Re: PSA: publishing new WD of URL spec from David Sheets on 2014-09-11 (www-tag@w3.org from September 2014)

From: David Sheets <kosmo.zb@gmail.com>
Date: Thu, 11 Sep 2014 19:11:58 +0100
To: Julian Reschke <julian.reschke@gmx.de>
Cc: Marcos Caceres <marcos@marcosc.com>, Robin Berjon <robin@w3.org>, Arthur Barstow <art.barstow@gmail.com>, "www-tag@w3.org" <www-tag@w3.org>
Message-ID: <CAAWM5TxBBjEftgMdt9YDvs4W95D=T1BG+WNj40X6tkdWDPTRcQ@mail.gmail.com>

On Thu, Sep 11, 2014 at 6:25 PM, Julian Reschke <julian.reschke@gmx.de> wrote:
> On 2014-09-11 18:19, Marcos Caceres wrote:
>>
>>
>>
>>
>> On September 11, 2014 at 11:58:58 AM, Julian Reschke
>> (julian.reschke@greenbytes.de) wrote:
>>>>
>>>> In which case the WHATWG version wouldn't be "canonical" anymore
>>>
>>> anyway.
>>
>>
>> "The proof is in the pudding", as they say. I read a recent blog post that
>> indicated that the IETF failed wrt maintaining the URL specs [1]. I'm
>> optimistic that the WHATWG can handle the task, as browsers are by far the
>> largest and most dependent consumers of URLs of all types. In this sense,
>> the WHATWG URL spec is the most up to date. The bits missing in [1], like
>> registration, can easily be handled in the WHATWG wiki (as is already done
>> for other things).
>>
>> [1] http://masinter.blogspot.ca/2014/09/the-url-mess.html
>
>
> "largest and most dependent" maybe, but that doesn't mean that nobody else
> cares. This is an area where it's not sufficient to reverse-engineer what
> browsers do and document that.

As a non-browser implementor, I do not find the WHATWG URL spec very
helpful. I am also concerned that it is detrimental to the larger
ecosystem of communications and software.

In particular, the WHATWG tactic of describing imperative, stateful
routines for parsing using English prose is very difficult to use
effectively for anyone except implementors of exactly duplicate
functionality writing in an imperative style. In many cases, library
and system implementors wish to offer extra, compatible functionality
that conforms to pre- and post-conditions and obeys certain
compositional equalities. This specification gives no high-level
information about the properties of URIs.

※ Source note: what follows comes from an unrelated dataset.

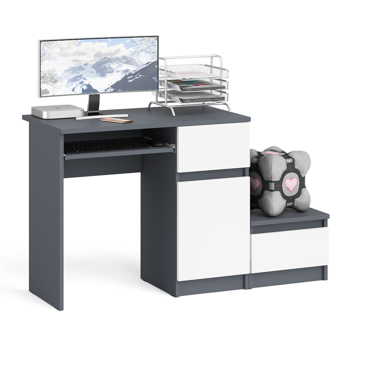 Компьютерный стол МС-1 правый с тумбой Мори (Графит/Белый) Код I0000398592

At one point, I had a brief conversation with the editor of the WHATWG
URL specification where I proposed the following:

1. Describe the functions being specified: e.g. parsing, normalizing,
resolving, serializing.
2. Specify the pre- and post-conditions of those functions: via formal
grammars or properties of components.
3. Define the specification in a way that is amenable to both human
and machine reasoning.

I was told, essentially, that formalism was dead and these concerns
didn't matter. If there is space for it, I would be very interested in
contributing a lot (months of labor) of time and effort into producing
a higher-level, more formal, and compatible specification to WHATWG
URL.

I believe that computers are tools which allow us to mechanize a great
number of low-level details and demonstrate that high-level properties
hold. I believe a high-level specification could *automatically*
*generate* the English prose in the present specification and offer
general theorems about URI behavior. Such a specification could also
be used to generate test cases, act as a test oracle, and explain
low-level parsing behavior.

I am presently applying a similar treatment to the entirety of the
POSIX 2008 file system API.

I believe that accuracy and usability of the URI specification is
crucially important to the long-term health of the Web. Neither the
existing IETF specification nor the WHATWG URL specification achieve
both accuracy and usability. I would like to see a venue for work to
take place on the actual formal specification of URI that humanity
deserves. Could W3C be that venue?

Thanks,

David Sheets

Received on Thursday, 11 September 2014 18:12:31 UTC